Your assignment: Print the entries below again exactly as they stand, but skip any picture.

Data for the task:
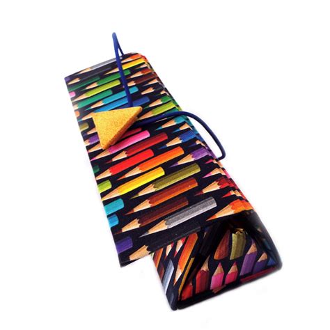 Estojo para lápis de cor, espaço para aproximadamente 100 unidades. Bolso na lateral com zíper para guardar cola, régua, borracha, tesoura, etc. Fechamento externo em elástico e velcro que permite um ajuste perfeito para quantidade de itens dentro da peça.
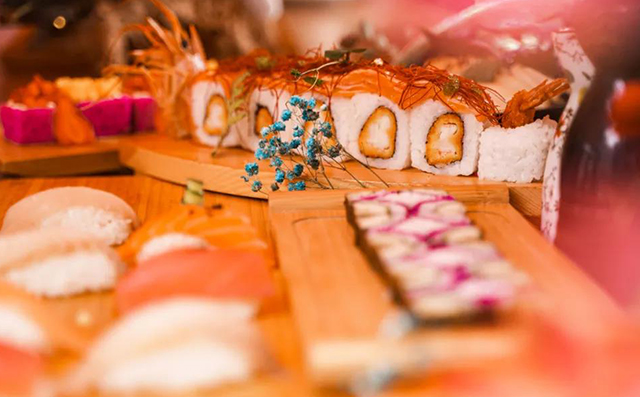 做壽司,除了需要考慮各食材口感,每個色彩搭配也是非常講究的,比賽結(jié)束后,展示出來的色香味俱全壽司拼盤讓評委老師們都眼前一亮~
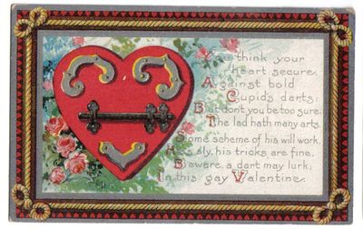 Heart w/ Dead Bolt~Poem~Valentine~Postcard 1907+
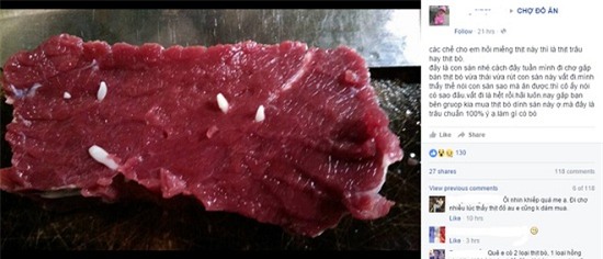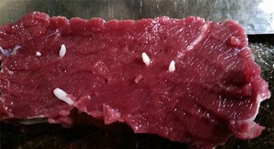 Miếng thịt có màu đỏ như thịt bò “gây sốt” trên mạng bởi các hạt cơm trắng trên miếng thịt. Các bà nội trợ vô cùng hoang mang. Đặc biệt, các dị vật này bám rất chặt vào miếng thịt.
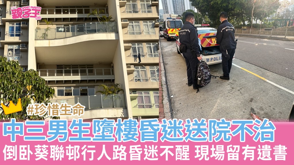 珍惜生命|葵聯邨中三男生墮樓昏迷救後不治 現場留遺書家人慟哭
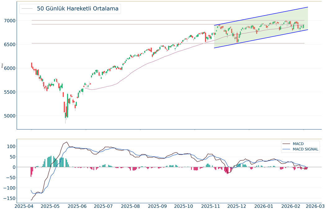 Gün içi görülen en yüksek seviye 6.915 iken kapanış 6.909 seviyesinde %0.69 yükseliş ile gerçekleşti. Ortalama işlem hacimlerine bakıldığında ise 5 iş günü için gözlenirken 5 günlük hareketli ortalamanın üzerinde hareket etmesi kısa vadedeki olumlu görünüme işaret ediyor. Ayrıca, gün itibarıyla 6.832 seviyesi yeni destek görevi görürken kısa vadeli direnç 7.045 seviyesi oldu. Endeksin aşağı yönlü hareketini devam ettirmesi halinde 6.720 seviyesi ikinci destek görevi görürken yukarı yönlü hareketlerde ise 7.103 seviyesini ikinci direnç olarak izleyeceğiz.
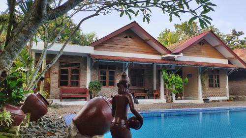 Providing a garden, Lucia Cottages features accommodations in Sukarame. With a private beach area, the 1-star homestay has air-conditioned rooms with free Wifi, each with a private bathroom. The homestay provides private parking, an outdoor swimming pool, and luggage storage space. At the homestay, all units include a terrace. There's also a well-equipped kitchen in some units equipped with a dishwasher, a fridge, and kitchenware. At the homestay, each unit includes a seating area. Carita Beach is a 14-minute walk from the homestay. Soekarno-Hatta International Airport is 82 miles away.
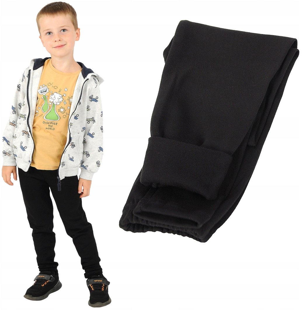 Ocieplane elastyczne Legginsy chłopięce Bawełniane Spodnie Czarne 140

Response to the exercise:
 Estojo para lápis de cor, espaço para aproximadamente 100 unidades. Bolso na lateral com zíper para guardar cola, régua, borracha, tesoura, etc. Fechamento externo em elástico e velcro que permite um ajuste perfeito para quantidade de itens dentro da peça.
 做壽司,除了需要考慮各食材口感,每個色彩搭配也是非常講究的,比賽結(jié)束后,展示出來的色香味俱全壽司拼盤讓評委老師們都眼前一亮~
 Heart w/ Dead Bolt~Poem~Valentine~Postcard 1907+
 Miếng thịt có màu đỏ như thịt bò “gây sốt” trên mạng bởi các hạt cơm trắng trên miếng thịt. Các bà nội trợ vô cùng hoang mang. Đặc biệt, các dị vật này bám rất chặt vào miếng thịt.
 珍惜生命|葵聯邨中三男生墮樓昏迷救後不治 現場留遺書家人慟哭
 Gün içi görülen en yüksek seviye 6.915 iken kapanış 6.909 seviyesinde %0.69 yükseliş ile gerçekleşti. Ortalama işlem hacimlerine bakıldığında ise 5 iş günü için gözlenirken 5 günlük hareketli ortalamanın üzerinde hareket etmesi kısa vadedeki olumlu görünüme işaret ediyor. Ayrıca, gün itibarıyla 6.832 seviyesi yeni destek görevi görürken kısa vadeli direnç 7.045 seviyesi oldu. Endeksin aşağı yönlü hareketini devam ettirmesi halinde 6.720 seviyesi ikinci destek görevi görürken yukarı yönlü hareketlerde ise 7.103 seviyesini ikinci direnç olarak izleyeceğiz.
 Providing a garden, Lucia Cottages features accommodations in Sukarame. With a private beach area, the 1-star homestay has air-conditioned rooms with free Wifi, each with a private bathroom. The homestay provides private parking, an outdoor swimming pool, and luggage storage space. At the homestay, all units include a terrace. There's also a well-equipped kitchen in some units equipped with a dishwasher, a fridge, and kitchenware. At the homestay, each unit includes a seating area. Carita Beach is a 14-minute walk from the homestay. Soekarno-Hatta International Airport is 82 miles away.
 Ocieplane elastyczne Legginsy chłopięce Bawełniane Spodnie Czarne 140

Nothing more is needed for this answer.